§ **WHAT YOU ARE ASKED TO DO**
Repeat only the stretch of lines below that runs from the line with "Yashma – витончена" through the line with "Γωνιακός καναπές υψηλών", unaltered.

§ **EXERCISE MATERIAL**

*****

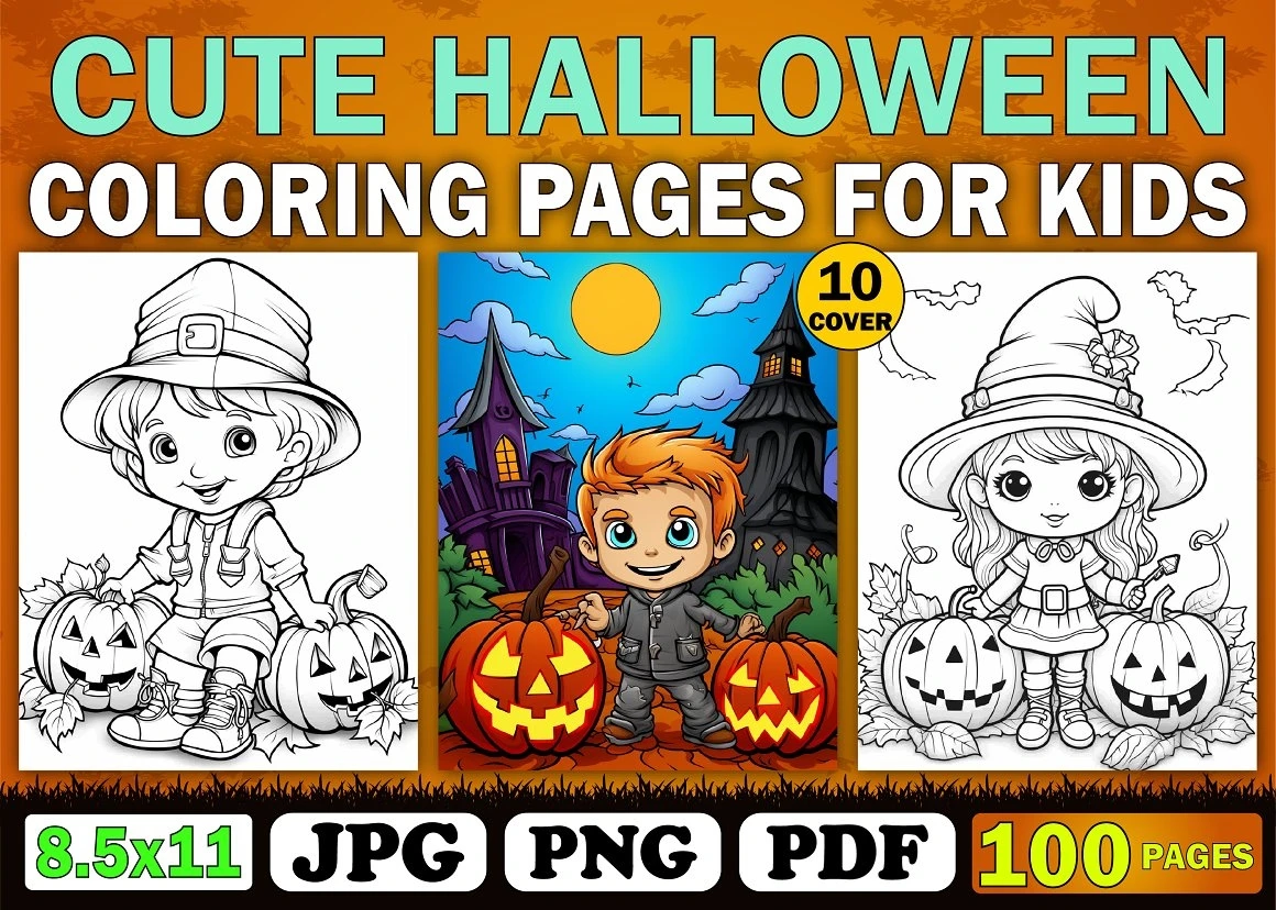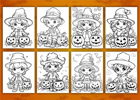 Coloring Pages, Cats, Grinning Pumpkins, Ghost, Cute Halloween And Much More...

*****

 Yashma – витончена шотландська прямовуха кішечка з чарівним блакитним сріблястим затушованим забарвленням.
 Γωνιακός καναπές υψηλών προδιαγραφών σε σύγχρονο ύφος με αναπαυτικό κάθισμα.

*****

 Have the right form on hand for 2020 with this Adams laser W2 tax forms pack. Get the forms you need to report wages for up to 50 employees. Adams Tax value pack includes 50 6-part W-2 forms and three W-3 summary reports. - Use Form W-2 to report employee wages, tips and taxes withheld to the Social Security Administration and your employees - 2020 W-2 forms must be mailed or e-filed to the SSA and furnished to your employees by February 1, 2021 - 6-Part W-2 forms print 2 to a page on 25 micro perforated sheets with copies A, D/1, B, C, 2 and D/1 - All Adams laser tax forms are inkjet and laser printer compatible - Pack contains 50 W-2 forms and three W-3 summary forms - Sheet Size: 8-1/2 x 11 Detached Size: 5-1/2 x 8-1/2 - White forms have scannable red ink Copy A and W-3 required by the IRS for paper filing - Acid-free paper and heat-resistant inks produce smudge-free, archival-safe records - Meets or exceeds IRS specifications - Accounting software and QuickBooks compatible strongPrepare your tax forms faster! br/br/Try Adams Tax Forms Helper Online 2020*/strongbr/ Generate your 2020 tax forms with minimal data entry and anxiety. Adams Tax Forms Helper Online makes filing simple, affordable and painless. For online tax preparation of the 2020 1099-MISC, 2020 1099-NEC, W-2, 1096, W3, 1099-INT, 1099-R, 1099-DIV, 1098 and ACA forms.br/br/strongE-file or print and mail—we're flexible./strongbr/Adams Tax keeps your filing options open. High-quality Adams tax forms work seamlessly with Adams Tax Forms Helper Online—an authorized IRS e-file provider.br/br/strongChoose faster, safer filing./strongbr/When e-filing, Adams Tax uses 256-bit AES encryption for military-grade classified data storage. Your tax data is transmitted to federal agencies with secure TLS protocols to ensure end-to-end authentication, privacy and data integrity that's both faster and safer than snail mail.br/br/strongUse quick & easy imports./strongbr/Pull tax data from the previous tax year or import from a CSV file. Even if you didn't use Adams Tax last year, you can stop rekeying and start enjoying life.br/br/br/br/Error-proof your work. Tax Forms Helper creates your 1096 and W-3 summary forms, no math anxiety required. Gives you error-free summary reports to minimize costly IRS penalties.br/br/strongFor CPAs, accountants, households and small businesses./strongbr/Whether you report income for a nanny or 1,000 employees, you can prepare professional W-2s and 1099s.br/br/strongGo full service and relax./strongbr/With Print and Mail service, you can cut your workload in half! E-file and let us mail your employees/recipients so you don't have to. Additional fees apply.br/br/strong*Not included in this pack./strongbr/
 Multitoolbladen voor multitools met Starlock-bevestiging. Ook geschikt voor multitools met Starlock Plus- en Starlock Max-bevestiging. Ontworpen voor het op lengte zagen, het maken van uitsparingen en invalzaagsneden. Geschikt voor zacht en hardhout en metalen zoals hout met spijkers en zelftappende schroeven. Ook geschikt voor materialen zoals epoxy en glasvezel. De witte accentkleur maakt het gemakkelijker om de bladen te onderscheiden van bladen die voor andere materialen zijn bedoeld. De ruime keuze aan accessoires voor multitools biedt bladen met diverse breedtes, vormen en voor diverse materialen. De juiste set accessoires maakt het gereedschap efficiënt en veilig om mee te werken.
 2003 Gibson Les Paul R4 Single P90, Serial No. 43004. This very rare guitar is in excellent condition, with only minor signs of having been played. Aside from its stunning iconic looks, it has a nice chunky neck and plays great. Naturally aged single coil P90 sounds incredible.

*****

§ **RESPONSE TO THE EXERCISE**
 Yashma – витончена шотландська прямовуха кішечка з чарівним блакитним сріблястим затушованим забарвленням.
 Γωνιακός καναπές υψηλών προδιαγραφών σε σύγχρονο ύφος με αναπαυτικό κάθισμα.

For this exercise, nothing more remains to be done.